Supplied records:
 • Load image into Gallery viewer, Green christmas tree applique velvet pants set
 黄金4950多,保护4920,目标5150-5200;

* * *

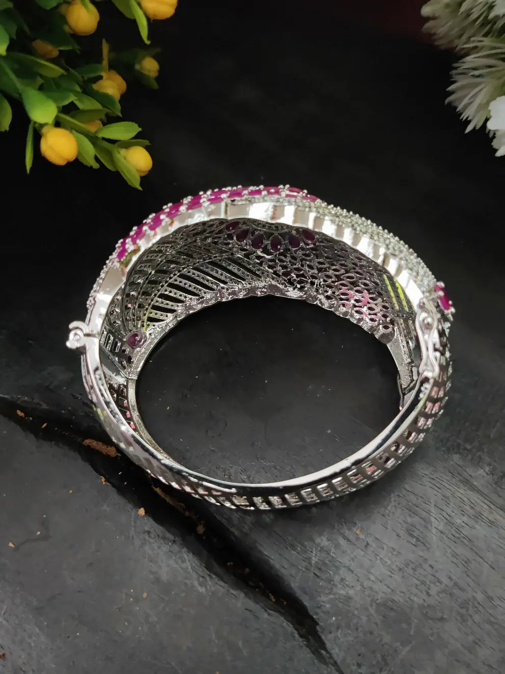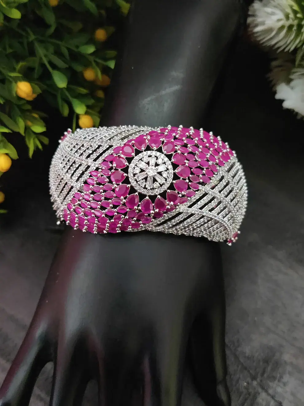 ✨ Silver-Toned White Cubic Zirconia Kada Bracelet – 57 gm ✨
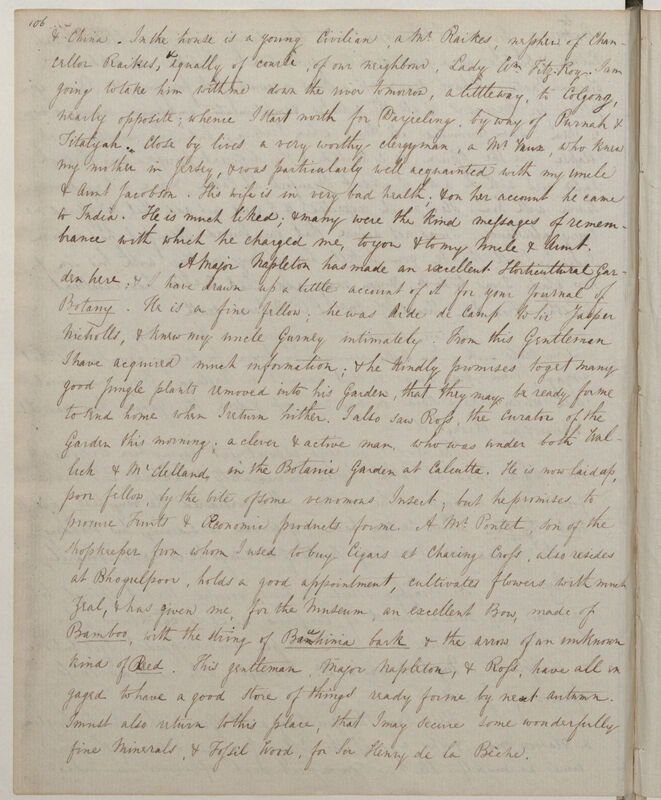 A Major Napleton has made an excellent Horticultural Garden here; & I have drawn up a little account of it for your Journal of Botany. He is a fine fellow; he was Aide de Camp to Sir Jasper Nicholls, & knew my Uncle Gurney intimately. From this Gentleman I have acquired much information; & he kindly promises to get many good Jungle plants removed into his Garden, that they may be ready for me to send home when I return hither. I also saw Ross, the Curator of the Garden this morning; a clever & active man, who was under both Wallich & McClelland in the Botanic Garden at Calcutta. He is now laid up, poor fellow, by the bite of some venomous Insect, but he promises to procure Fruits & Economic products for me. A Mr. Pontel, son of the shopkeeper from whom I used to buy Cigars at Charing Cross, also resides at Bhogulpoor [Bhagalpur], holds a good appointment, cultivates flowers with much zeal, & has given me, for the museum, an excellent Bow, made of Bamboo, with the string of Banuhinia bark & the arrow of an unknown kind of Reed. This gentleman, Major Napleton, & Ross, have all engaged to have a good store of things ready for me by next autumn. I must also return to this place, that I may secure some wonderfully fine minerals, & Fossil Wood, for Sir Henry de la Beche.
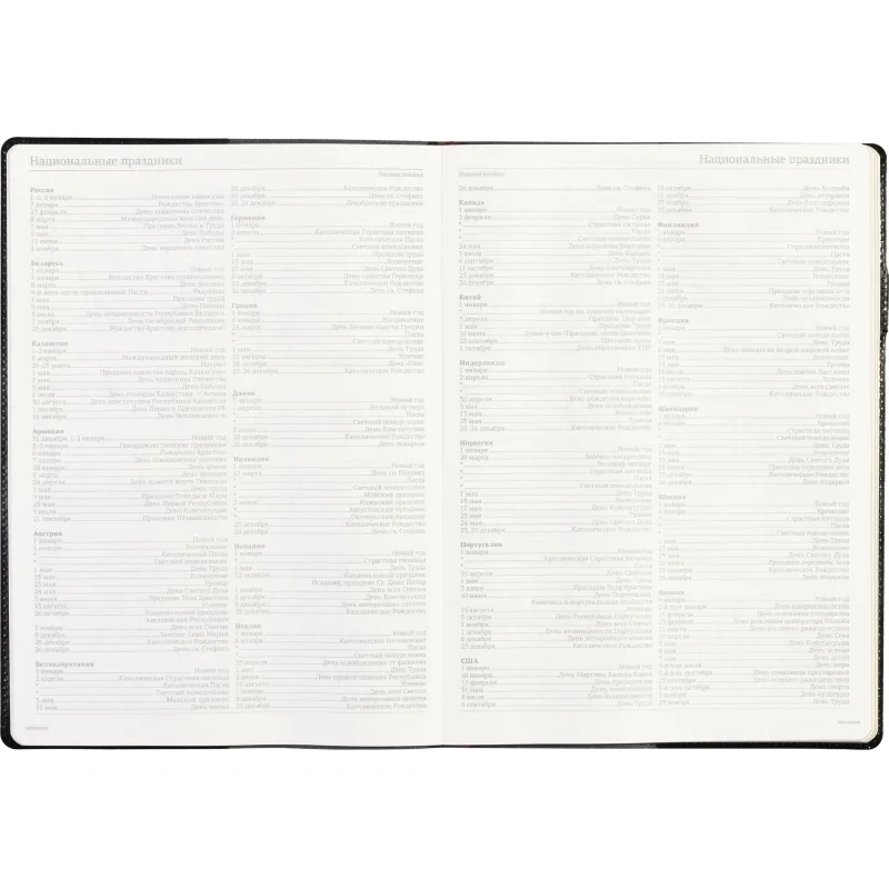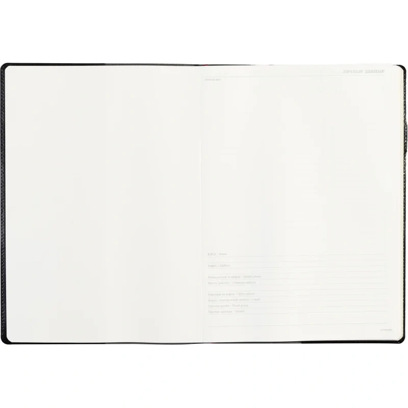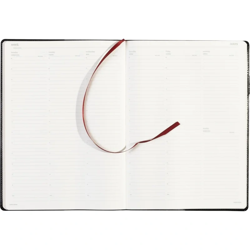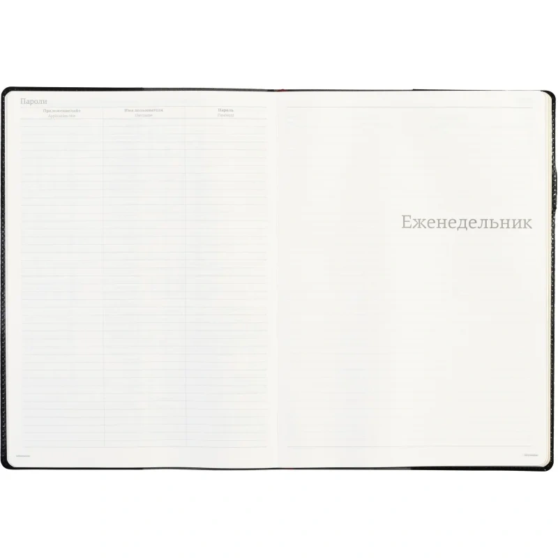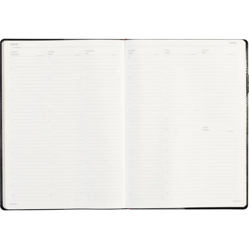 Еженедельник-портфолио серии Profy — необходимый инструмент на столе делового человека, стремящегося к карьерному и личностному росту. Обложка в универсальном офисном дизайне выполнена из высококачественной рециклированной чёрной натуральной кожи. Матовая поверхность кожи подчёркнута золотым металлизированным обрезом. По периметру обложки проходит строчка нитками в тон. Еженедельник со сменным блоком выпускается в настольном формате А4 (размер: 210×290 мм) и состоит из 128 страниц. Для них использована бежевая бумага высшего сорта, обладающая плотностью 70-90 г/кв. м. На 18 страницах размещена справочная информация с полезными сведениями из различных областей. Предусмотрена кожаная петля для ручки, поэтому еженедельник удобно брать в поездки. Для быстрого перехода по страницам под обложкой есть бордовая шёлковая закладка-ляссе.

---

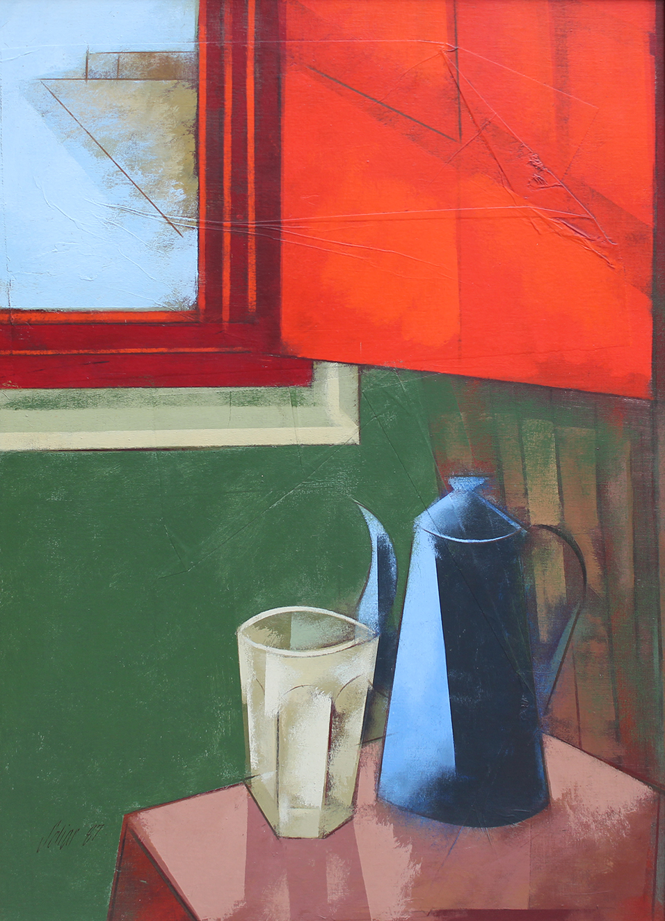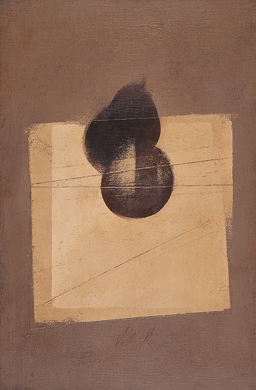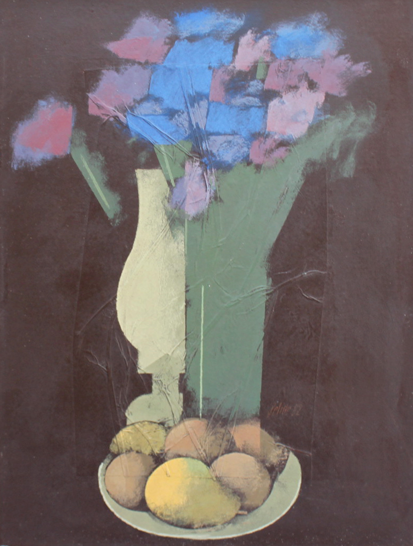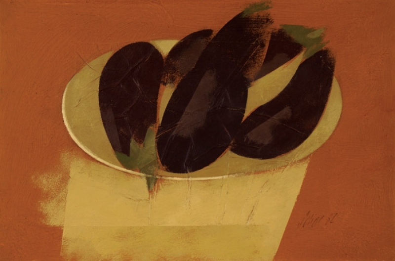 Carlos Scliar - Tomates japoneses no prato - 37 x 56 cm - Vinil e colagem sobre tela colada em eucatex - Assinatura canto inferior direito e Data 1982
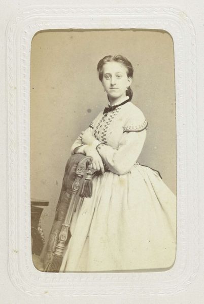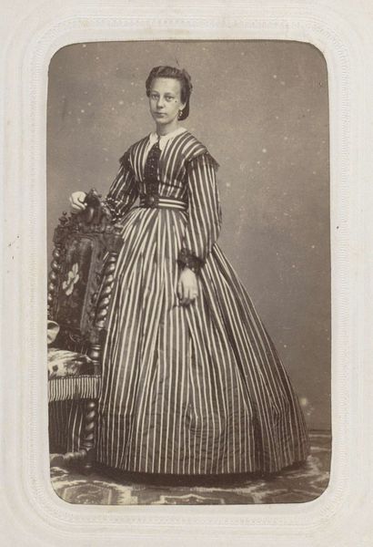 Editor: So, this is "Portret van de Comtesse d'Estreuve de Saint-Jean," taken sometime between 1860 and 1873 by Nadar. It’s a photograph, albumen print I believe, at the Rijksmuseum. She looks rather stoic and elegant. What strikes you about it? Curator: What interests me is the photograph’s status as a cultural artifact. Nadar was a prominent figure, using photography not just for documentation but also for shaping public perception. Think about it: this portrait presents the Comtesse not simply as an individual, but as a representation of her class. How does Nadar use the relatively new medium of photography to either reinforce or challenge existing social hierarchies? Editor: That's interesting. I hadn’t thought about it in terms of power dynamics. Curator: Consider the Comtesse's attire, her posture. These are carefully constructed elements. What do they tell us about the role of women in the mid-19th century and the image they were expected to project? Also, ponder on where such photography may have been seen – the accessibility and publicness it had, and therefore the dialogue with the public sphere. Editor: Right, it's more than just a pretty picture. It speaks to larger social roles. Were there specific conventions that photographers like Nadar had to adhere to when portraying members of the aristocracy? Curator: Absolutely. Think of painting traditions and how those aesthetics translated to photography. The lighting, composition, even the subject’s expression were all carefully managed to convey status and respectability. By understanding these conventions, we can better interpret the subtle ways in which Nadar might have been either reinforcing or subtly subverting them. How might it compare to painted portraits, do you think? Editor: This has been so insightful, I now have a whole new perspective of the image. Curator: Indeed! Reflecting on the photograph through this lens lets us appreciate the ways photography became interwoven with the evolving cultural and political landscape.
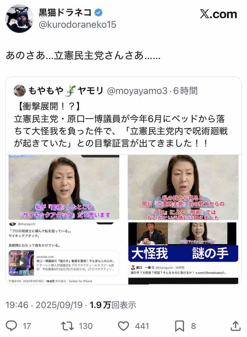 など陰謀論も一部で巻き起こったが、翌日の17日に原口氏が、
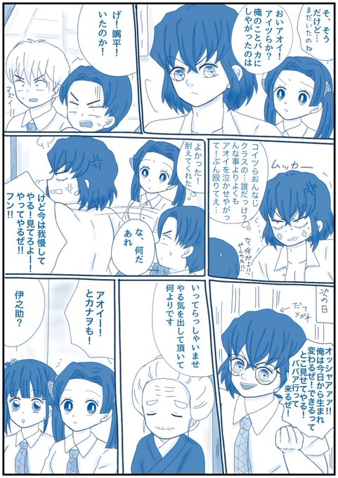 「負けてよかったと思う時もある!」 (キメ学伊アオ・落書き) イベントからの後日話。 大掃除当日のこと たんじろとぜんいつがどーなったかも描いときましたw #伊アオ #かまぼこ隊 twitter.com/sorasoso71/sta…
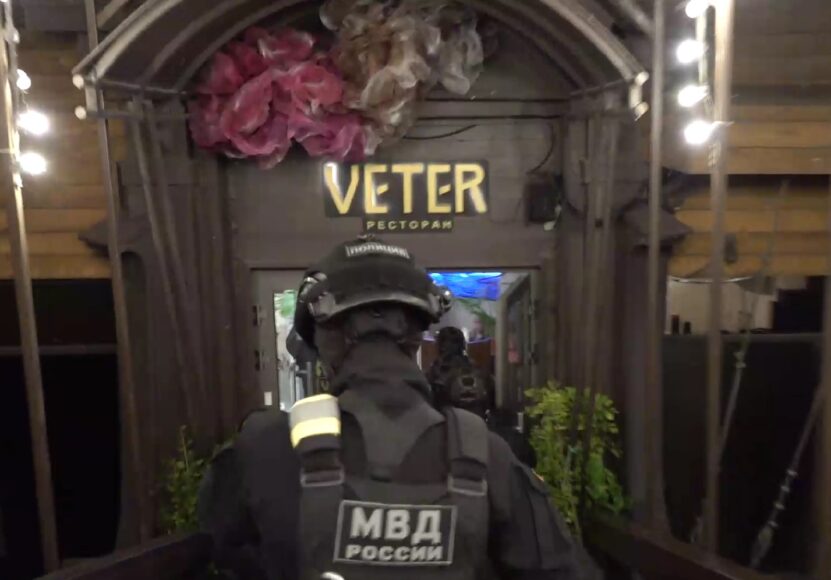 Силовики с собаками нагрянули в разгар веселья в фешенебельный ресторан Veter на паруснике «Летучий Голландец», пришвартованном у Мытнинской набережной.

Problem details:
From the records above, output only the lines starting at the one containing "など陰謀論も一部で巻き起こったが、翌日の17日に原口氏が、" and ending at the one containing "#伊アオ #かまぼこ隊 twitter.com/sorasoso71/sta…", word for word. Pictures stay out.

Task response:
 など陰謀論も一部で巻き起こったが、翌日の17日に原口氏が、
 「負けてよかったと思う時もある!」 (キメ学伊アオ・落書き) イベントからの後日話。 大掃除当日のこと たんじろとぜんいつがどーなったかも描いときましたw #伊アオ #かまぼこ隊 twitter.com/sorasoso71/sta…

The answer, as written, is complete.